**STORED DATA**
========================

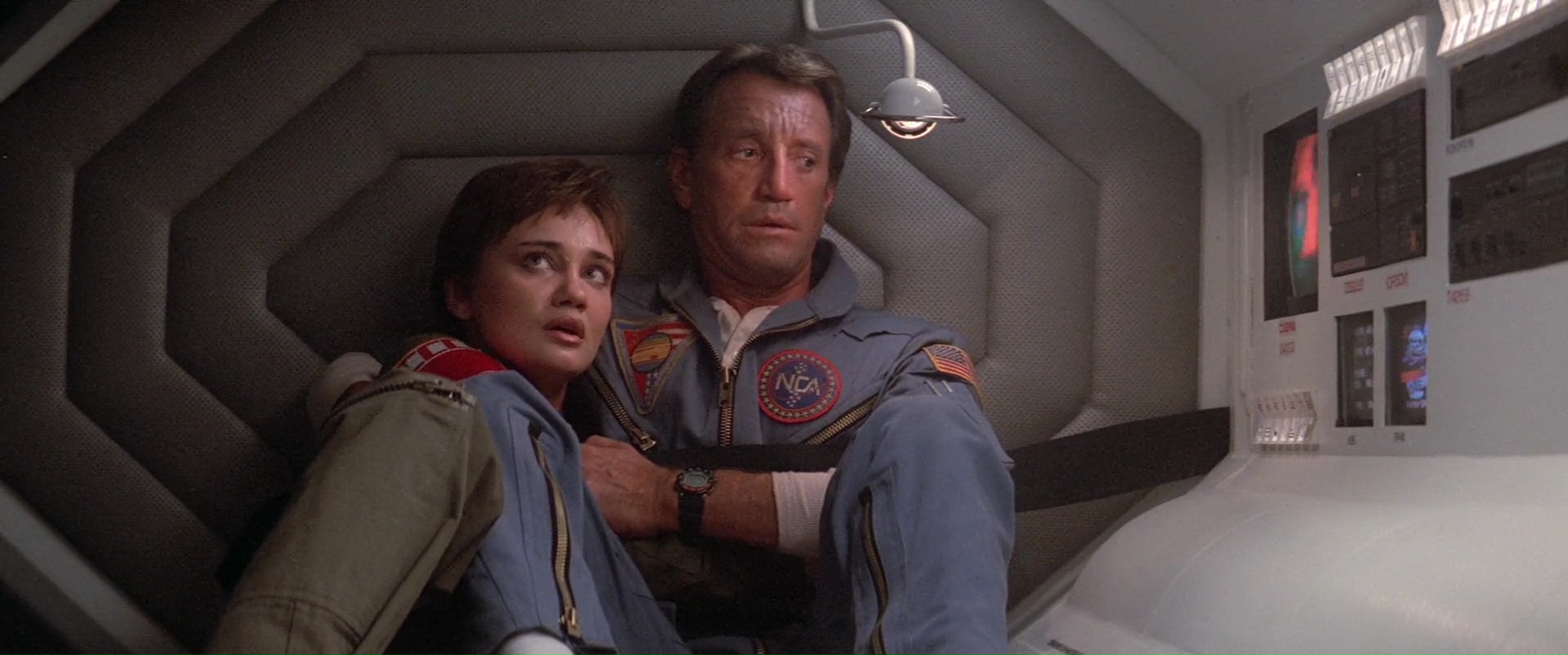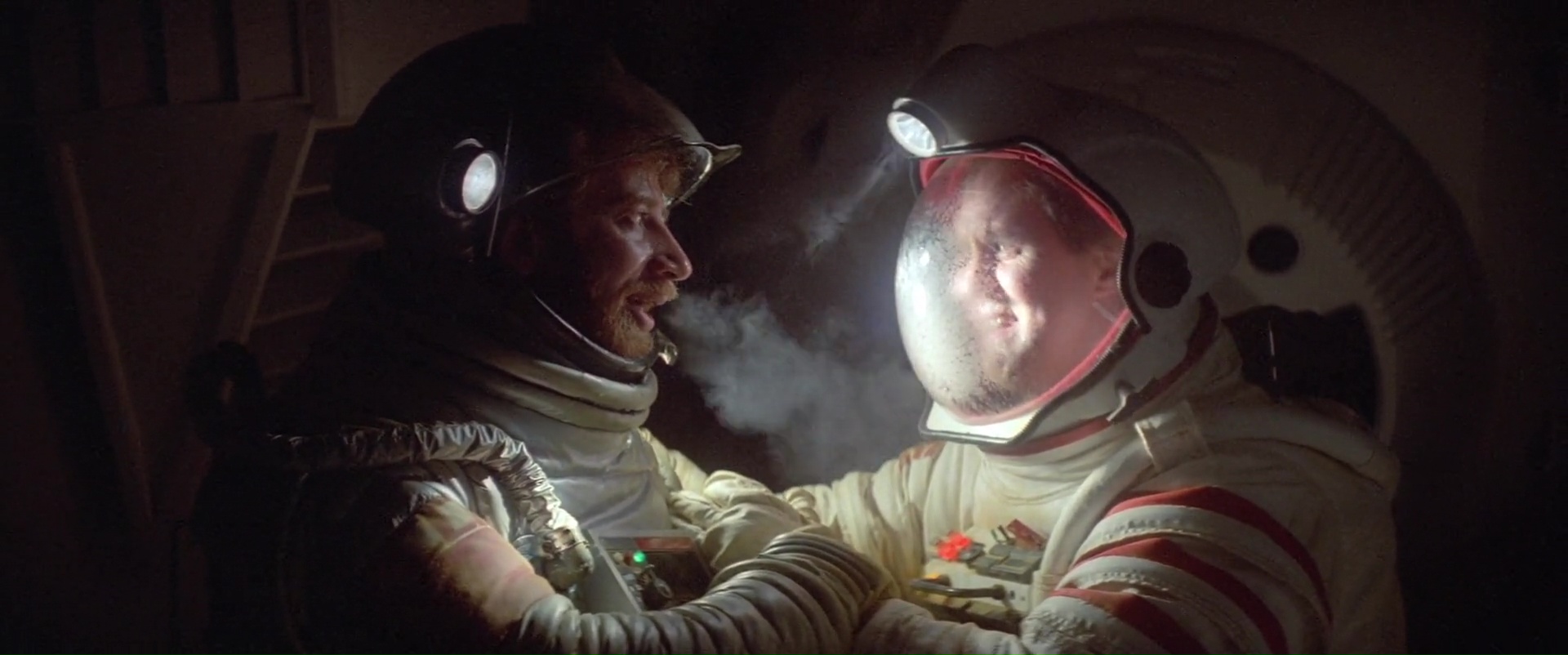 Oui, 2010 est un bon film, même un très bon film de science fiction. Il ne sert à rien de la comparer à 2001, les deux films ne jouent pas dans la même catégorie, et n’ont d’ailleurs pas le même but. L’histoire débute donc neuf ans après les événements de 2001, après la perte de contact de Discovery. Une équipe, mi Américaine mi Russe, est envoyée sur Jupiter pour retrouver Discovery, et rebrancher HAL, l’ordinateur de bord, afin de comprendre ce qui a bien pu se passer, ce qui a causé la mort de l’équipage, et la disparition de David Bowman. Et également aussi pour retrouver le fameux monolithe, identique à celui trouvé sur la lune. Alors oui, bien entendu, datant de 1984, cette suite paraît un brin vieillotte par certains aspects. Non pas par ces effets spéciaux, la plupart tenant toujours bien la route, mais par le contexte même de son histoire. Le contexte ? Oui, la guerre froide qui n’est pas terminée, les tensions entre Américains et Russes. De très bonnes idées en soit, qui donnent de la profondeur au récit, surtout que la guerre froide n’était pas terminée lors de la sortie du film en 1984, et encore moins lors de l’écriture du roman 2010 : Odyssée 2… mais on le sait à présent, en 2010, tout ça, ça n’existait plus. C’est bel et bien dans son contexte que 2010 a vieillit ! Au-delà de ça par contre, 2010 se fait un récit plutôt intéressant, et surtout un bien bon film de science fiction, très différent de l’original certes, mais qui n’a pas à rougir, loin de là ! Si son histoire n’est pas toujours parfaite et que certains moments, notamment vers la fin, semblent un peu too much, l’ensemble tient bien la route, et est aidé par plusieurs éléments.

========================

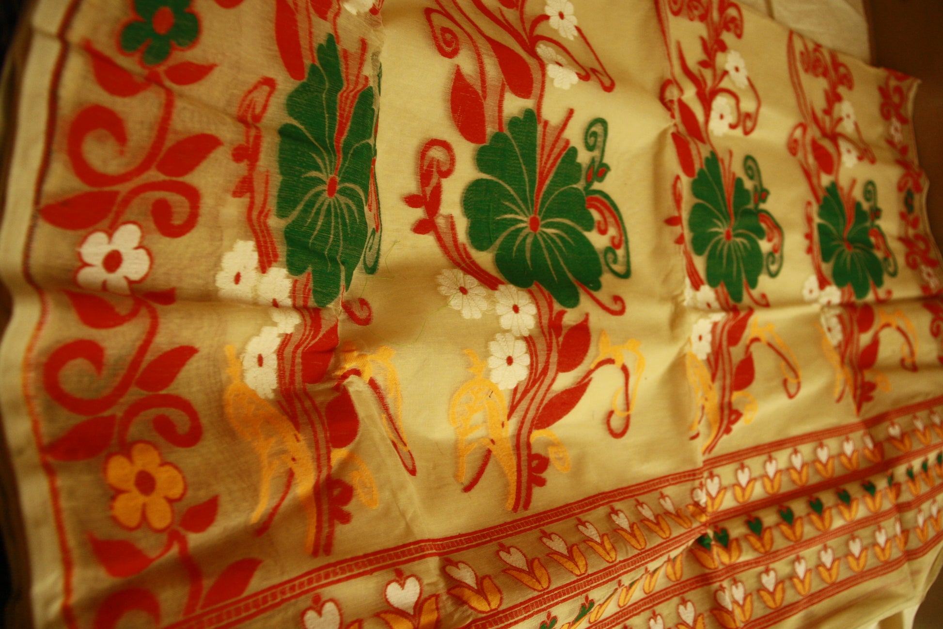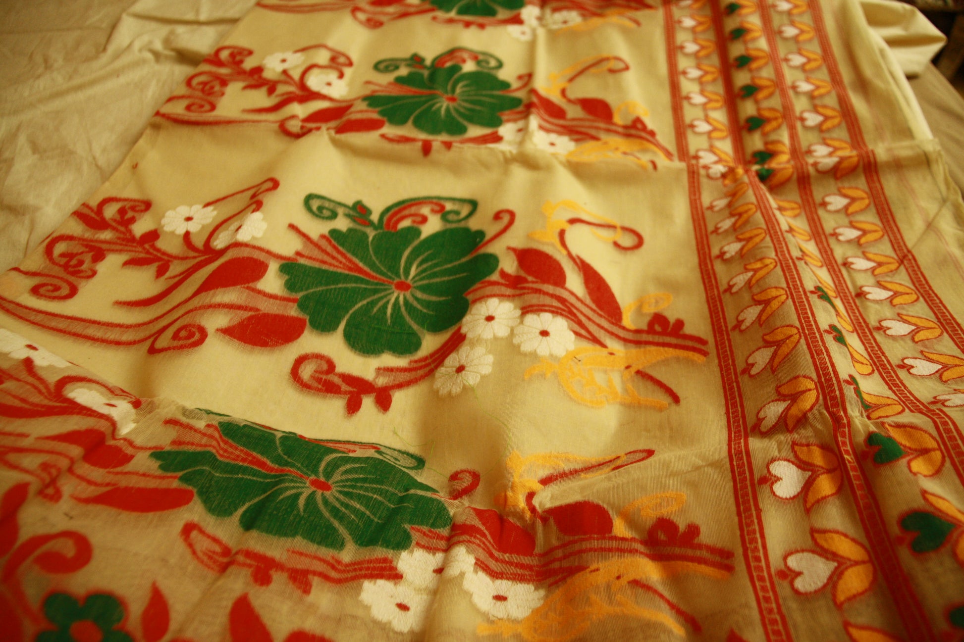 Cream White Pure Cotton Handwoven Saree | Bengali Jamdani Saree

========================

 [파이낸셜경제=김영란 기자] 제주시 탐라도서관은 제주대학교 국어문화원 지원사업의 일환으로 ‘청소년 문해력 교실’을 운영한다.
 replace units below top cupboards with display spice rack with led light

========================

**EXERCISE OBJECTIVE**
All lines above from the one with "[파이낸셜경제=김영란 기자] 제주시" to the one with "replace units below", inclusive, should be copied exactly, and no other lines.

**WRITTEN SOLUTION**
 [파이낸셜경제=김영란 기자] 제주시 탐라도서관은 제주대학교 국어문화원 지원사업의 일환으로 ‘청소년 문해력 교실’을 운영한다.
 replace units below top cupboards with display spice rack with led light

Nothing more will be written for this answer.